Aim of the exercise: Starting at the line with "SCR X Turbo" and going on through the line with "kepada para pembalap.", reproduce each line in the records below exactly and nothing more.

Data:
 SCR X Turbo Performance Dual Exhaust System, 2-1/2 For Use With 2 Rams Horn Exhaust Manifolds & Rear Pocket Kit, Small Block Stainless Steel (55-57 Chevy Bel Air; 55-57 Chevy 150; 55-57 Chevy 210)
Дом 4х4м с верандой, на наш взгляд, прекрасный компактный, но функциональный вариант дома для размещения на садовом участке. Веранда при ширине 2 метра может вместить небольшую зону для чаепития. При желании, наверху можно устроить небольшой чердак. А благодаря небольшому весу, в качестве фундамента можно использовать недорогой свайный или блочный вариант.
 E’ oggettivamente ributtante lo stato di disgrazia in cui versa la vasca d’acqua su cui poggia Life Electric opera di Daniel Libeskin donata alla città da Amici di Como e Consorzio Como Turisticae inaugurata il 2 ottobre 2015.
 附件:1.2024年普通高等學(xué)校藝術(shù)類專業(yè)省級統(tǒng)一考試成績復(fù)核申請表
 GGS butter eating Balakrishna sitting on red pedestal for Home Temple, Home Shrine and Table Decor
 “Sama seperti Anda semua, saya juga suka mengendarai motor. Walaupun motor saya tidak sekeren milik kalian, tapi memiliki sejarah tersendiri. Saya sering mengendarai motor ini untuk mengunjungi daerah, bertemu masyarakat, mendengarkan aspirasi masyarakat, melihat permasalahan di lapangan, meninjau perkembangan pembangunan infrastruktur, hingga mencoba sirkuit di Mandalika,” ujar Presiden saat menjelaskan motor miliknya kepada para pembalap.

---

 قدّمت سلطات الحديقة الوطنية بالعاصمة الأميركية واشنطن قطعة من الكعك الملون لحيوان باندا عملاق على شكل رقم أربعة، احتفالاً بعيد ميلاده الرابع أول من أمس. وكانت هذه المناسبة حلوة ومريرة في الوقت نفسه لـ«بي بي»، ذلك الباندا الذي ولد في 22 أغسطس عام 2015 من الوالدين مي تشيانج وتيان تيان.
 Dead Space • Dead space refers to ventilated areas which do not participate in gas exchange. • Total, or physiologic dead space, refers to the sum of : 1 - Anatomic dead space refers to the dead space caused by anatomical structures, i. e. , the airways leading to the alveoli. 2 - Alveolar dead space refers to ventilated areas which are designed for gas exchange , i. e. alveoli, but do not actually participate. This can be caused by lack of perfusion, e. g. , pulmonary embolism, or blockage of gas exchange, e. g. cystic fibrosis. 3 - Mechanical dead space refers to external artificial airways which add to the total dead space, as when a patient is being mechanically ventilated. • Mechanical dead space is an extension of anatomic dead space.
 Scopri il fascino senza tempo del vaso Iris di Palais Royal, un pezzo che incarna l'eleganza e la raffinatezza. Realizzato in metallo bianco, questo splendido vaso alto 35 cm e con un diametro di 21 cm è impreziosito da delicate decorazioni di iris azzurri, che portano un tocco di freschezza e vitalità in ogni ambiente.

Output for this exercise:
 SCR X Turbo Performance Dual Exhaust System, 2-1/2 For Use With 2 Rams Horn Exhaust Manifolds & Rear Pocket Kit, Small Block Stainless Steel (55-57 Chevy Bel Air; 55-57 Chevy 150; 55-57 Chevy 210)
Дом 4х4м с верандой, на наш взгляд, прекрасный компактный, но функциональный вариант дома для размещения на садовом участке. Веранда при ширине 2 метра может вместить небольшую зону для чаепития. При желании, наверху можно устроить небольшой чердак. А благодаря небольшому весу, в качестве фундамента можно использовать недорогой свайный или блочный вариант.
 E’ oggettivamente ributtante lo stato di disgrazia in cui versa la vasca d’acqua su cui poggia Life Electric opera di Daniel Libeskin donata alla città da Amici di Como e Consorzio Como Turisticae inaugurata il 2 ottobre 2015.
 附件:1.2024年普通高等學(xué)校藝術(shù)類專業(yè)省級統(tǒng)一考試成績復(fù)核申請表
 GGS butter eating Balakrishna sitting on red pedestal for Home Temple, Home Shrine and Table Decor
 “Sama seperti Anda semua, saya juga suka mengendarai motor. Walaupun motor saya tidak sekeren milik kalian, tapi memiliki sejarah tersendiri. Saya sering mengendarai motor ini untuk mengunjungi daerah, bertemu masyarakat, mendengarkan aspirasi masyarakat, melihat permasalahan di lapangan, meninjau perkembangan pembangunan infrastruktur, hingga mencoba sirkuit di Mandalika,” ujar Presiden saat menjelaskan motor miliknya kepada para pembalap.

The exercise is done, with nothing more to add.